Non è possibile stabilire un’età precisa, valida per tutti i bambini, in cui fare questa comunicazione. Di solito è verso i 3 o 4 anni che il bambino si chiede “sono stato nella tua pancia?”. “Sei stato in un’altra pancia”, è forse, la risposta più semplice anche se essa non sarà che l’origine di altre domande, di cui non sempre sarà facile trovare le risposte. Infatti non sempre si conoscono le storie dei bambini adottati.
Per aiutare il piccolo a capire e a narrare la bella favola della sua adozione si può ricorrere anche a racconti famosi. L’importante è che nel “creare” la sua nuova storia, si rispetti la precedente, cioè quella della sua nascita. Nel percorso del racconto si potrà parlare dell’”incontro” magico con i nuovi genitori, che nella continuità dell’amore sono giunti proprio quando lui aveva bisogno di loro, e che hanno sostituito gli altri genitori, che non potevano farlo crescere.

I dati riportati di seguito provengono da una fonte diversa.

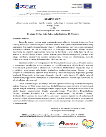Projekt „DOTWIT – miejsce spotkań biznesu z nauką” współfinansowany przez Unię Europejską w ramach Europejskiego Funduszu Społecznego. CZŁOWIEK – NAJLEPSZA INWESTYCJA SEMINARIUM „Nowoczesna turystyka – transfer wiedzy i technologii w rozwoju oferty turystycznej Dolnego Śląska” z cyklu „Wrocławskie spotkania nauki z biznesem” 14 lutego 2014 r., Hotel Patio, ul. Kiełbaśnicza 25, Wrocław Szanowni Państwo, Turystyka stanowi obecnie jeden z najważniejszych sektorów ekonomii światowej. Coraz częściej postrzegana jest również jako katalizator wzrostu atrakcyjności i rozpoznawalności oferty regionalnej. Przewaga konkurencyjna ma w tym wypadku znaczenie zarówno na poziomie relacji przedsiębiorca-klient, ale też w odniesieniu do lokalnego mikrosystemu. Udane działania turystyczne na szczeblu regionalnym wpływają na turystykę i gospodarkę krajową. Z tego powodu w ostatnich latach wzrasta poziom innowacyjności branży turystycznej: powstają nowe usługi i produkty, interaktywne systemy informacyjne, rozwija się infrastruktura, zachodzą zmiany w sposobie prezentacji i korzystania z oferty turystycznej. Spektrum możliwości współpracy między branżą turystyczną a nauką jest bardzo szerokie – nowoczesne rozwiązania wykorzystywane w przedsiębiorstwach niejednokrotnie powstają w uczelnianych pracowniach i laboratoriach badawczych. Problematyka turystyczna staje się czynnikiem integrującym dolnośląskie środowisko naukowo-biznesowe. Branża ta może korzystać z komercjalizacji wyników pracy naukowej z dziedzin medycyny, fizjoterapii, geologii, biochemii, klimatologii, architektury, ekonomii, historii i wielu innych. Z efektów udanych wdrożeń korzystają zarówno kuracjusze w uzdrowiskach, turyści na trasach wycieczkowych, ale też mieszkańcy miejscowości. Celem seminarium jest prezentacja wdrożeń wybranych innowacji w branży turystycznej regionu. Praktycy przybliżą tematy dotyczące działań klasteringowych, turystyki zrównoważonej, wpływu nowych technologii na rozwój produktów turystycznych. Wśród prelegentów znaleźli się między innymi przedstawiciele Urzędu Marszałkowskiego Województwa Dolnośląskiego, Zarządu Uzdrowisk Kłodzkich S.A. czy klastra innowacyjnego „Dla zdrowia – Sudety”. Spotkanie skierowane jest do pracowników naukowych i naukowo-dydaktycznych dolnośląskich uczelni wyższych, zainteresowanych komercjalizacją wyników badań naukowych, przedstawicieli samorządu terytorialnego oraz przedsiębiorców sektora turystycznego poszukujących kontaktów ze światem nauki. Akademicki Inkubator Przedsiębiorczości Uniwersytetu Wrocławskiego LIDER: Agencja Rozwoju Innowacji SA, ul. Ostródzka 38, 54 – 116 Wrocław, tel./fax 71 354 07 93 PARTNERZY PROJEKTU: Uniwersytet Wrocławski, Agencja Rozwoju Regionalnego ARLEG SA, Powiat Legnicki Projekt „DOTWIT – miejsce spotkań biznesu z nauką” współfinansowany przez Unię Europejską w ramach Europejskiego Funduszu Społecznego. CZŁOWIEK – NAJLEPSZA INWESTYCJA PLAN SEMINARIUM 8:30 Rejestracja uczestników 9:00 Mgr Tomasz Niciak – Dyrektor AIP UWr – Otwarcie seminarium 9:10 Zuzanna Szawuła – Projekt „DOTWIT – miejsce spotkań biznesu z nauką” 9:20 Wojciech Biliński, Dyrektor Wydziału Turystyki UMWD Branża turystyczna w działaniach województwa dolnośląskiego do roku 2020 – perspektywy, założenia, finansowanie 10:00 Dr Bogusław Bałuka, Przewodniczący Rady Programowej Klastra Innowacyjnego „Dla zdrowia – Sudety”, Dziekan Wydziału Nauk Społecznych i Zdrowia WWSZiP Potencjał Klastra Innowacyjnego „Dla zdrowia – Sudety” a rozwój turystyki Dolnego Śląska 10:40 Dominika Jaśkiewicz, Ansee Consulting Rozwój turystyki w zgodzie z przyrodą i dziedzictwem kulturowym na Dolnym Śląsku 11:20 Przerwa kawowa 12.00 Dr Robert Szmytkie, Instytut Geografii i Rozwoju Regionalnego, UWr Komercjalizacja wyników projektów naukowo-badawczych a rozwój turystyki Dolnego Śląska 12.40 Radek Miszczak, Joy Intermedia Sp. z o.o. Komercjalizacja wiedzy w projekcie aplikacji mobilnej Dolny Śląsk Guide LIDER: Agencja Rozwoju Innowacji SA, ul. Ostródzka 38, 54 – 116 Wrocław, tel./fax 71 354 07 93 PARTNERZY PROJEKTU: Uniwersytet Wrocławski, Agencja Rozwoju Regionalnego ARLEG SA, Powiat Legnicki Projekt „DOTWIT – miejsce spotkań biznesu z nauką” współfinansowany przez Unię Europejską w ramach Europejskiego Funduszu Społecznego. CZŁOWIEK – NAJLEPSZA INWESTYCJA 13:20 Renata Maślanka, prezes Zarządu Uzdrowisk Kłodzkich S.A. – Grupa PGU Innowacyjne aspekty funkcjonowania uzdrowisk dolnośląskich na przykładzie Uzdrowisk Kłodzkich S.A. 14:00 Lunch i networking R.S.V.P. do 13 lutego 2014 roku, przesyłając zgłoszenie (imię, nazwisko, stopień naukowy, reprezentowana uczelnia lub firma, telefon kontaktowy) na adres: [email protected]. Zgłoszenia telefoniczne pod numerem: 71 375 70 10 w godz. 8:00–10:00. Ilość miejsc jest ograniczona, decyduje kolejność zgłoszeń. Udział w seminarium jest bezpłatny. LIDER: Agencja Rozwoju Innowacji SA, ul. Ostródzka 38, 54 – 116 Wrocław, tel./fax 71 354 07 93 PARTNERZY PROJEKTU: Uniwersytet Wrocławski, Agencja Rozwoju Regionalnego ARLEG SA, Powiat Legnicki

Sono da evitare frasi come “…sei nato nel mio cuore” o “nella mia mente”, che possono generare confusione nel piccolo, che sa che gli altri bambini nascono nella pancia della loro mamma. Ugualmente sono da evitare espressioni come “ti abbiamo scelto”, pronunciate nell’intento di sottolineare la preziosità dell’incontro, ma che scatenano nel bambino ansiosi ragionamenti del genere “se sono stato scelto, come si sceglie qualcosa al supermercato… allora sono stato comprato”. E ancora che l’essere scelto alimenta frustranti aspettative (“scelto perché sono il più bravo?” e allora devo essere sempre il più bravo per non deludere chi mi ha preferito). O stimola domande assillanti del tipo “perché io si e i miei compagni no?” , che generano sensi di colpa.
Una famiglia adottiva deve saper accogliere il bambino, fortemente desiderato, nella complessità della sua storia, che ha spesso radici in paesi lontani e diversi per cultura ed etnia.
È fondamentale per il bambino percepire nei genitori un sentimento di accettazione anche nei riguardi del suo passato. Come è importante per lui potersi conciliare con le figure genitoriali della sua nascita, è altrettanto importante collocarle nel quadro di una possibile continuità nel tempo, se non nello spazio. L’adozione è spesso un percorso fatto di persone che non si incontrano mai, o che si sono “perse”, ma le cui storie sono in realtà intrecciate.
Da come si raccontano, si vivono, si immaginano queste storie dipendono la serenità e lo sviluppo equilibrato del bambino adottato e il successo dell’adozione stessa.